Would you replace the seal that is just after the weep hole and before the retainer clip as well? or just replace the mechanical seal and impeller nut seal?

(finally got the metal cap of the mechanical seal out...pain in the @#!@)
 
Unfortunately, I scuffed the edge of the lip a bit. Looking closely, it really doesn't go any deeper than the two beveled edges on the case meant for prying that booger out of there. Hopefully (fingers crossed), it won't cause any problems when put back together. Wow, that thing was a monster to get out.

Speedracer, you're saying you didn't use any sealer whatsoever? No blue stuff to replace the old blue stuff? Nothing on the nut/washer?

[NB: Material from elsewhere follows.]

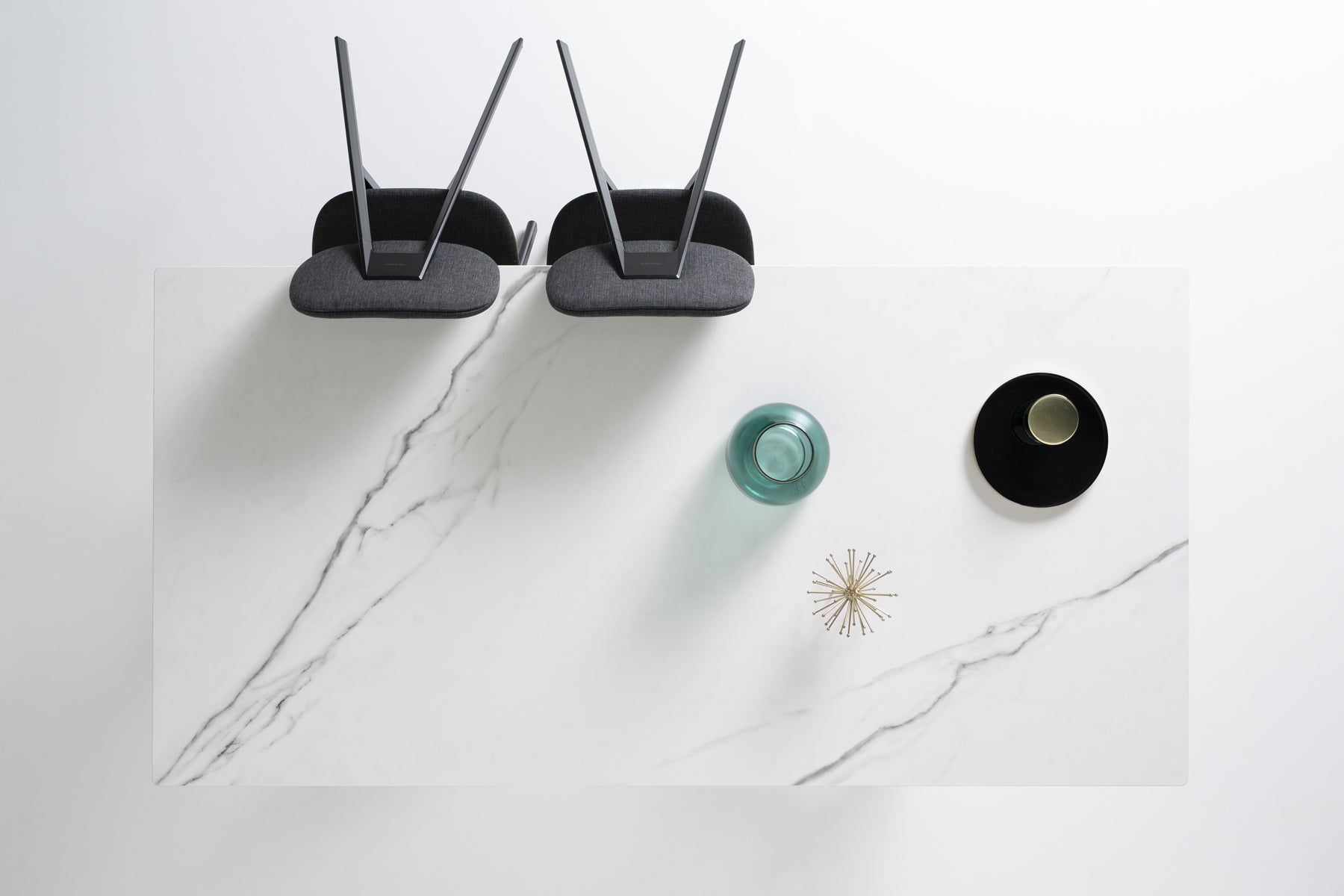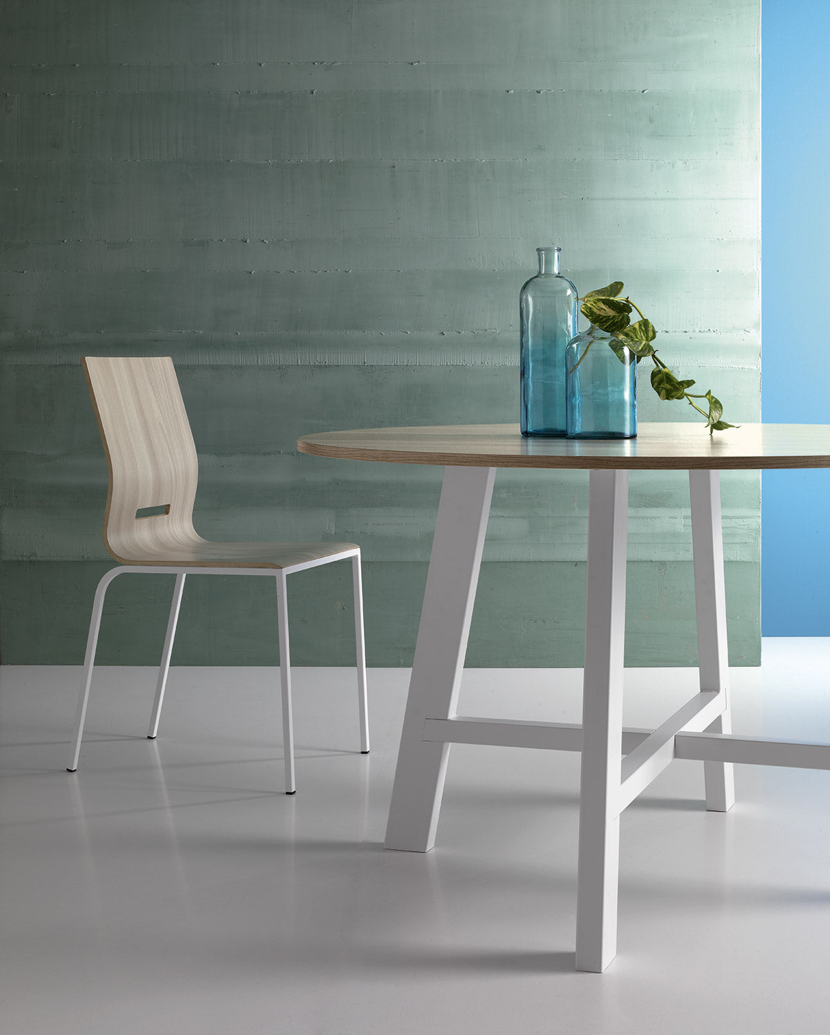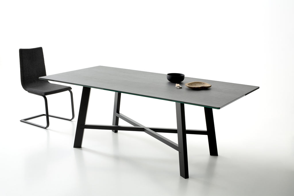 Il basamento, sempre in acciaio con giunzioni a vista, conferisce al tavolo un design audace e contemporaneo, mantenendo un’atmosfera accogliente e raffinata.

yamajake, I'm also replacing the oil seal you're referring to. I figured since I'm in there, I might as well do that one too.

Man, this project (without taking the engine off) is tougher than expected.

Jon
 
ecopter,
from reading the posts, I new there would be difficulty in it. I just couldn't see swallowing the dealer cost of $315 for the repair when the parts are so inexpensive.

When you pulled that last seal before the circlip, did oil from the crankcase come out? I've heard there is 7oz of oil behind it. I read a post to start the sled once repairs are complete and hold the oil pump wide open while sled is at idle for several minutes. Should fill that 7oz spot back up.
 
That blue stuff your talking about is already on the new seal. Don't add anything else. I also wouldn't put anthing on the seal washer under the impeller bolt. I don't see where it is needed. Also don't put any type of sealer on the seal that goes in the back of the impeller, put together dry. I would put some blue loctite on the impeller bolt for added protection. I don't think any scuffs or marks on the beveled portion only will hurt anything.
 
I think that someone should write up a how to with pictures for this since so many people have to fix it. I haven't deceided if I'm going to fix mine or if I'm going to take it to the dealer to fix it.

How hard is it to replace the seals without taking the motor out?